Dossier : IMM-3782-04

Référence : 2005 CF 701

Ottawa (Ontario), le 16 mai 2005

EN PRÉSENCE DE MADAME LA JUGE MACTAVISH

ENTRE :

MOHAMAD HOSAIN GHABRAI-LANGROUDI

demandeur

et

LE MINISTRE DE LA CITOYENNETÉ ET DE L'IMMIGRATION

et LE SOLLICITEUR GÉNÉRAL DU CANADA

défendeurs

MOTIFS DE L'ORDONNANCE ET ORDONNANCE

[1]      Mohamed Hosain Ghabrai-Langroudi est un citoyen iranien et un réfugié au sens de la Convention. Il a présenté une demande de résidence permanente en 1999. Aucune décision n'a encore été rendue relativement à cette demande. Dans le cadre de la présente demande de contrôle judiciaire, M. Ghabrai-Langroudi sollicite une ordonnance de mandamus obligeant le ministre de la Citoyenneté et de l'Immigration à prendre une décision relativement à sa demande de résidence permanente.

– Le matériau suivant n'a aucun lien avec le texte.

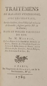 [Médecine]. MITTIÉ (Jean-Stanislas). Traitemens des maladies vénériennes avec les végétaux, sur des soldats, dans l'Hôpital militaire de Grenoble, desservi par les P. de la Charité ; faits et publiés par ordre du Roi. Paris, Grangé, 1789....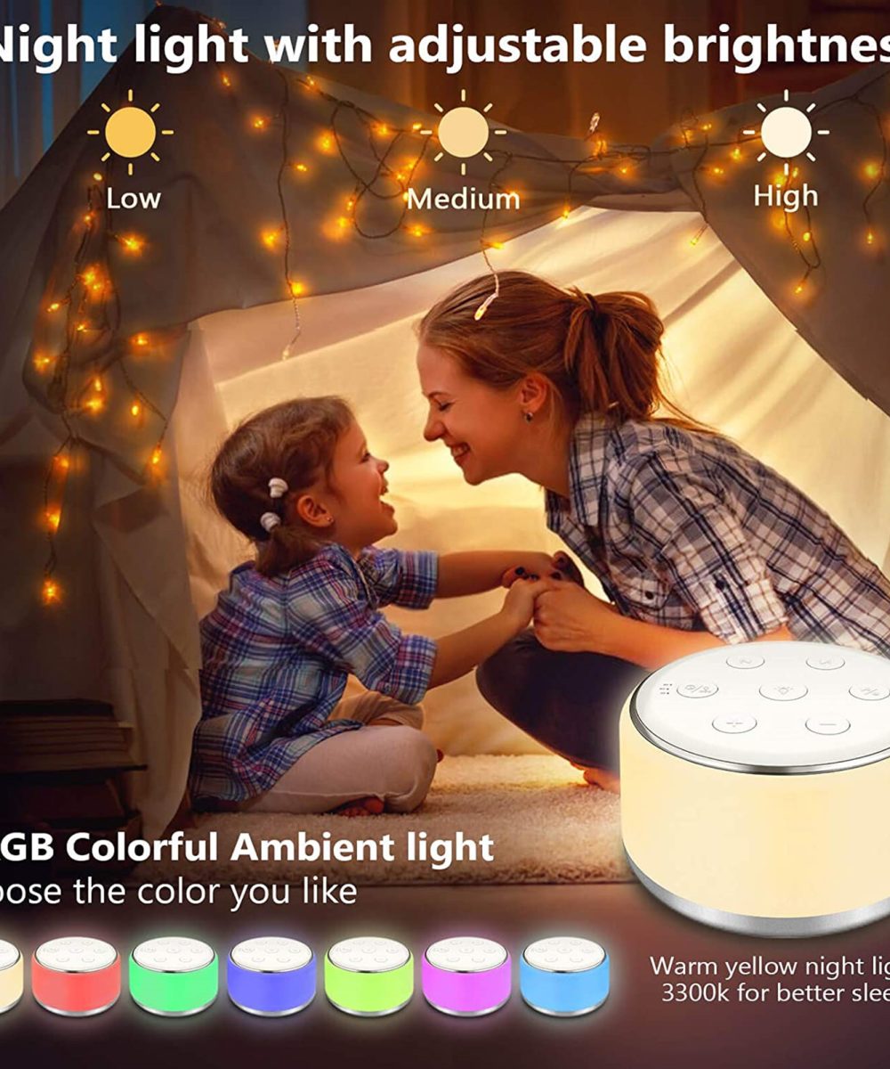 שפרו את איכות השינה שלכם ושל התינוק שלכם עם מכונת הרעש הלבן השולחנית שלנו. 34 צלילים מרגיעים, 7 צבעי תאורת לילה וטיימר לכיבוי אוטומטי. עיצוב קומפקטי ונייד, מושלם לשימוש ביתי או בנסיעות.
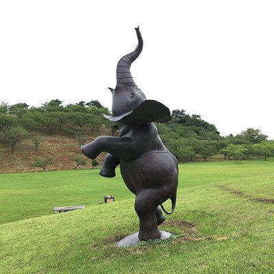 7月上旬:井川町の日本国花苑。象の像って勝手に命名してましたが、正しくは「雲に乗れたら」ってタイトルでした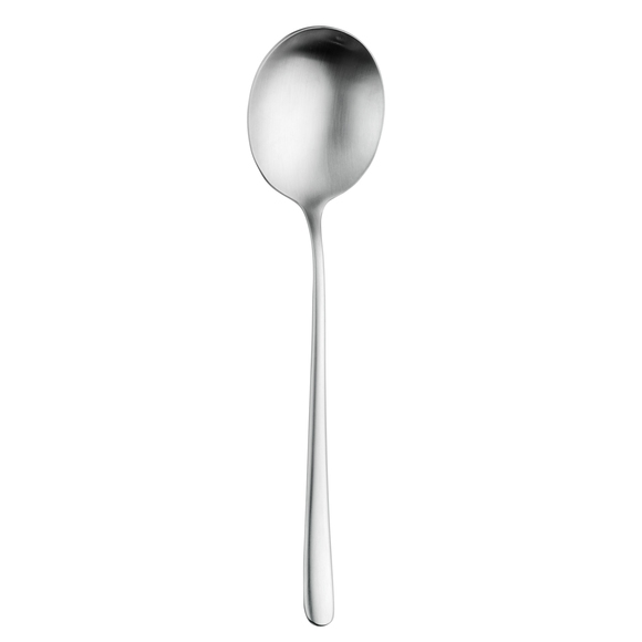 Soppsked från Pintinox bestickserie Sky Satin. Skedens stilrena design och matta yta passar utmärkt på både klassiska och moderna dukningar, samtidigt som det slitstarka materialet säkerställer långvarig hållbarhet. Perfekt på restauranger, caféer och hotell!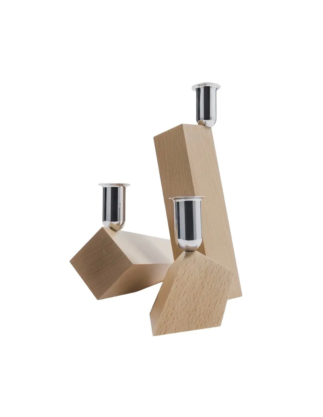 Venezia / Pisa / Torcello sono le tre località italiane con le quali Gilad battezza una collezione di portacandele connotati dalla ricerca sugli opposti: stabilità/instabilità, uno/tanti, superficie/bordo, movimento/stasi. La candela è fissata in equilibrio precario su basi in legno o marmo.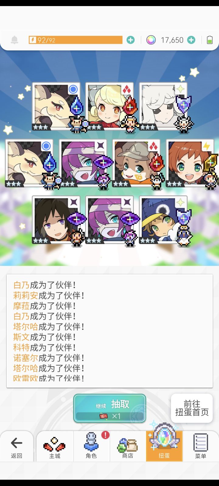 第一次玩这种游戏,看攻略看的迷迷糊糊的,看自己乐享扭蛋也没抽出来暗gay,但是好像也有几个蛮强力的角色,现在下一步是什么啊。。在扩充一下角色还是可以屯钻了啊。。顺便再问一下各位佬,如果角色够了的话请帮忙配一下队,谢谢各位啦OvO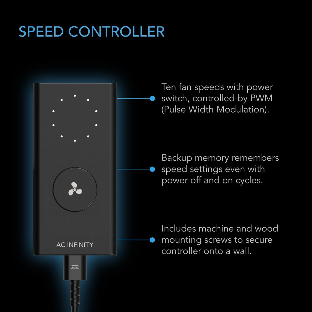 A 10-speed fan controller is paired with this inline fan to optimize airflow levels and noise in many applications. The fan’s PWM controls enable it to smoothly set fan speeds and operate at extremely low RPMs with no motor noise. Along with this wired speed controller, the CLOUDLINE is also compatible with the following controllers:
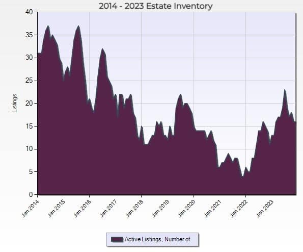 • Inventory continues to tighten, with only nine properties active at year-end, compared to 14 at the end of Q2 and 12 at the end of Q3. However, this is still higher than the end of 2022, when there were only 5 active listings. And while inventory is higher than it was during the pandemic boom from late 2020 to early 2022, it is still very low by historical standards.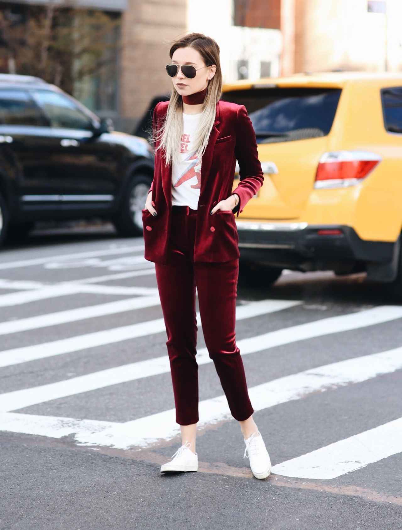 ダニエルは、今秋もトレンドのベルベット素材のセットアップをTOPSHOPからチョイスし、ヴィンテージのロゴTシャツと、KAREN GALLOの白スニーカーでキメすぎずにエフォートレス。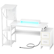 This computer desk is designed to maximize your workspace and keep you organized. The built-in charging station, complete with 3 AC outlets and 2 USB ports, makes sure your devices stay powered up while you work. Plus, an included LED light strip brightens up your work area, creating a comfortable and inviting atmosphere. A monitor stand also elevates your screen for better posture, and a removable hutch provides plenty of shelf space for decor and more. With a metal pegboard and 6 hooks, you can hang your tools, headphones, and decorations. An open storage shelf under the desktop can store your books and documents. Idea desk for small rooms. It can be used as a computer desk, home office desk, gaming desk, writing desk, study desk, or pc desk. Modern-style computer desk adds a comfortable atmosphere to your workspace and fits perfectly with any room space.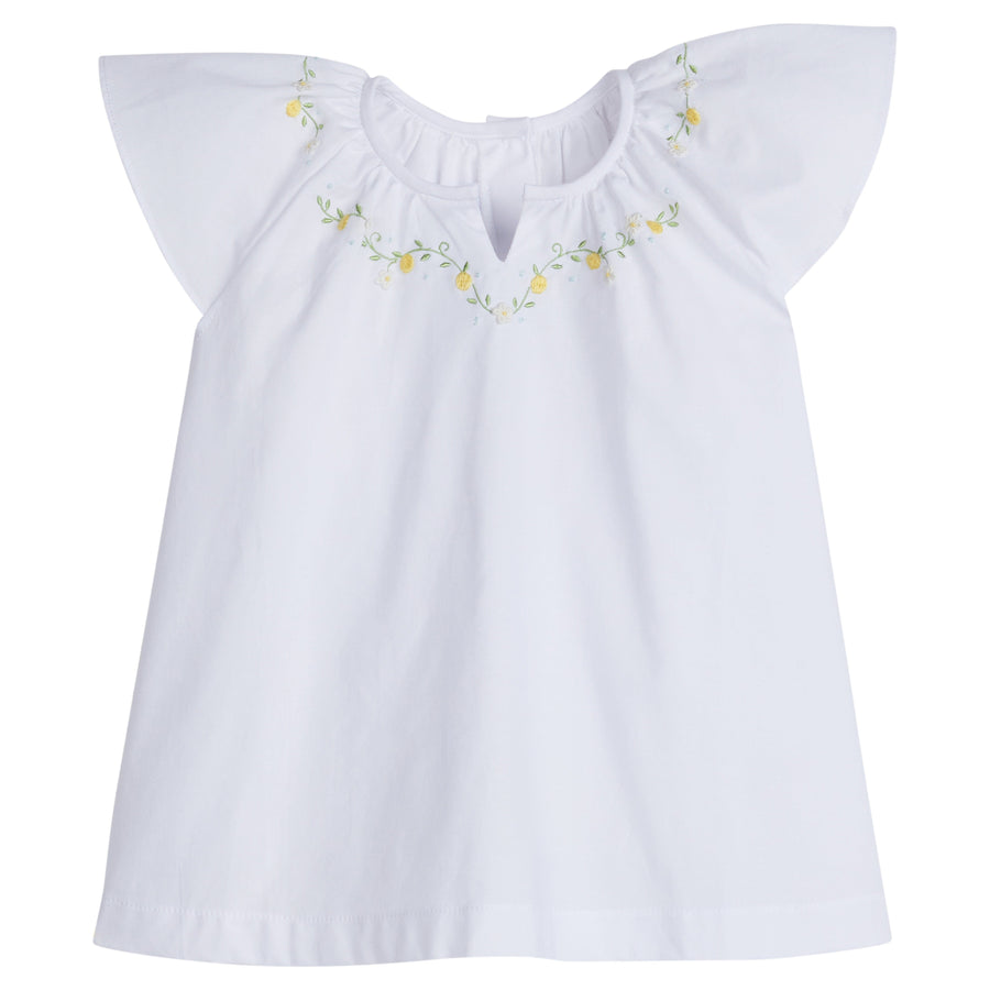 When life gives you lemons, wear them! Our Embroidered Blouse features angel sleeves with a tiny V at the neck and a chain of yellow lemons and white flower embroidery. Pair it with our Scallop Short in Island Stripe Seersucker to complete the look and sibling matching is easy peasy lemon squeezy with other pieces from our Main Squeeze Collection.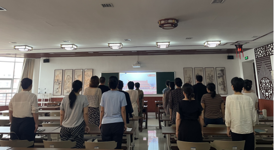 9月3日上午,纪念中国人民抗日战争暨世界反法西斯战争胜利80周年大会在北京天安门广场隆重举行。太阳成集团党支部组织全体教师在美育实训室集中收看阅兵直播。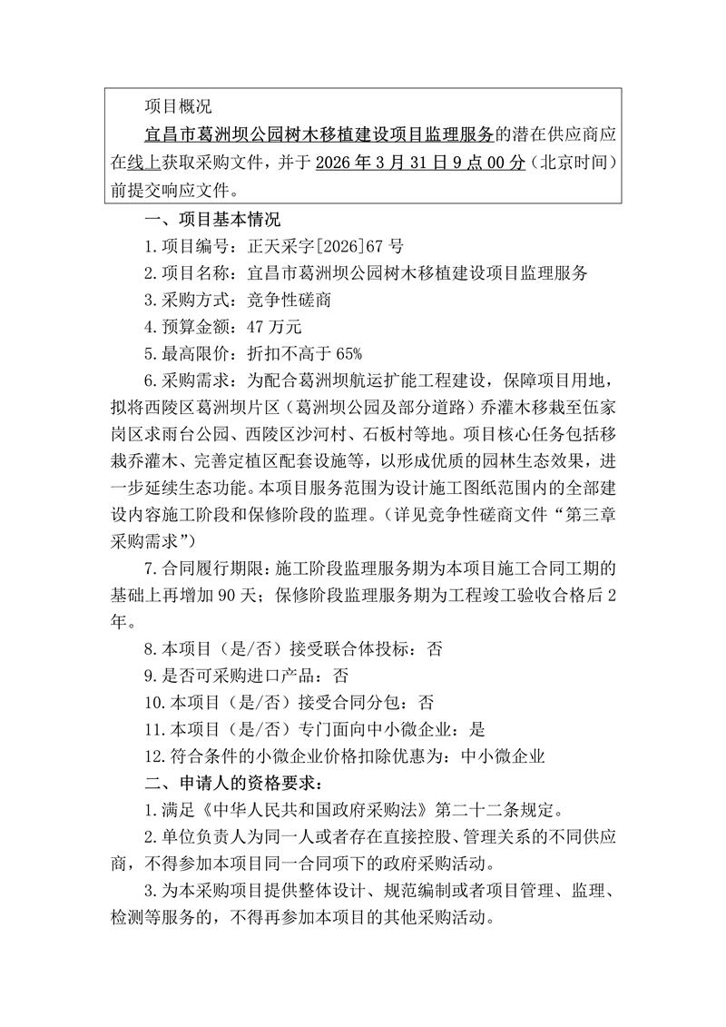 宜昌市葛洲壩公園樹木移植建設項目監理服務競爭性磋商公告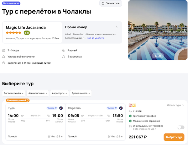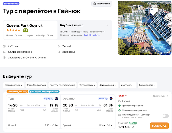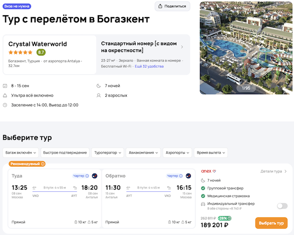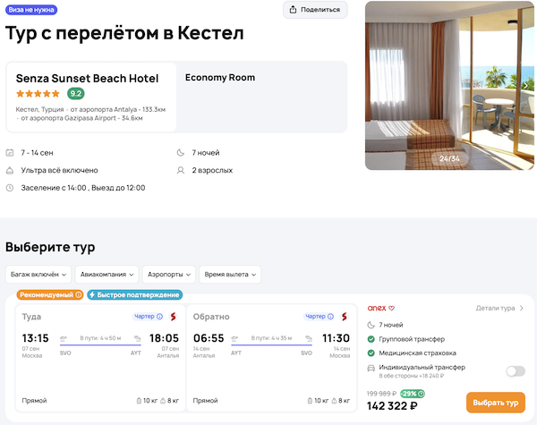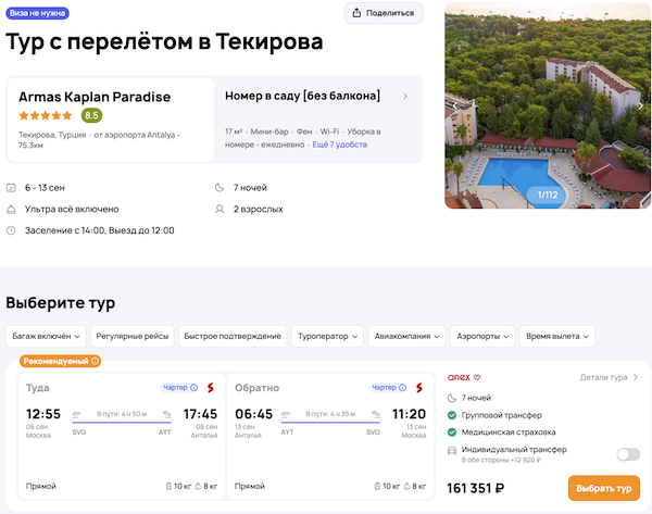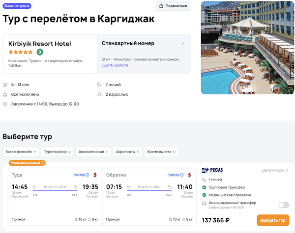 — прямой перелет в Анталью и обратно;

[2]      L'avocat du défendeur a fait valoir que le solliciteur général du Canada est une partie nécessaire à la présente demande, car la demande de résidence permanente de M. Ghabrai-Langroudi est en suspens jusqu'à ce qu'une décision soit rendue sur sa demande d'exemption ministérielle en vertu du paragraphe 34(2) de la Loi sur l'immigration et la protection des réfugiés (LIPR). Sur consentement des parties, l'intitulé a été modifié de manière à y ajouter le solliciteur général à titre de défendeur.

[3]      Bien que j'aie de l'empathie pour M. Ghabrai-Langroudi et que je sois convaincue que le traitement de son dossier accuse un retard déraisonnable, j'en suis malheureusement venue à la conclusion que je ne peux lui accorder le redressement qu'il cherche à obtenir au moyen de la présente demande.

Contexte

[4]      M. Ghabrai-Langroudi est arrivé au Canada en 1998 et a obtenu le statut de réfugié au sens de la Convention l'année suivante. Il a été victime d'une violence extrême et de torture en Iran.

[5]      Le 16 décembre 1999, M. Ghabrai-Langroudi a présenté ce qui était à l'époque une demande d'établissement, en vertu des dispositions de l'ancienne Loi sur l'immigration.

[6]      En septembre 2000, le Service canadien du renseignement de sécurité a interrogé M.Ghabrai-Langroudi sur des questions de sécurité, après quoi son dossier a été envoyé à l'administration centrale du SCRS pour une poursuite de l'enquête.

[7]      En avril 2002, un agent d'immigration a convoqué M. Ghabrai-Langroudi à une entrevue afin d'obtenir des renseignements additionnels sur son appartenance à l'Organisation des Fedayan et au parti Toudeh. Les Fedayan ont pris part à des actes de violence visant à renverser le Shah et son régime.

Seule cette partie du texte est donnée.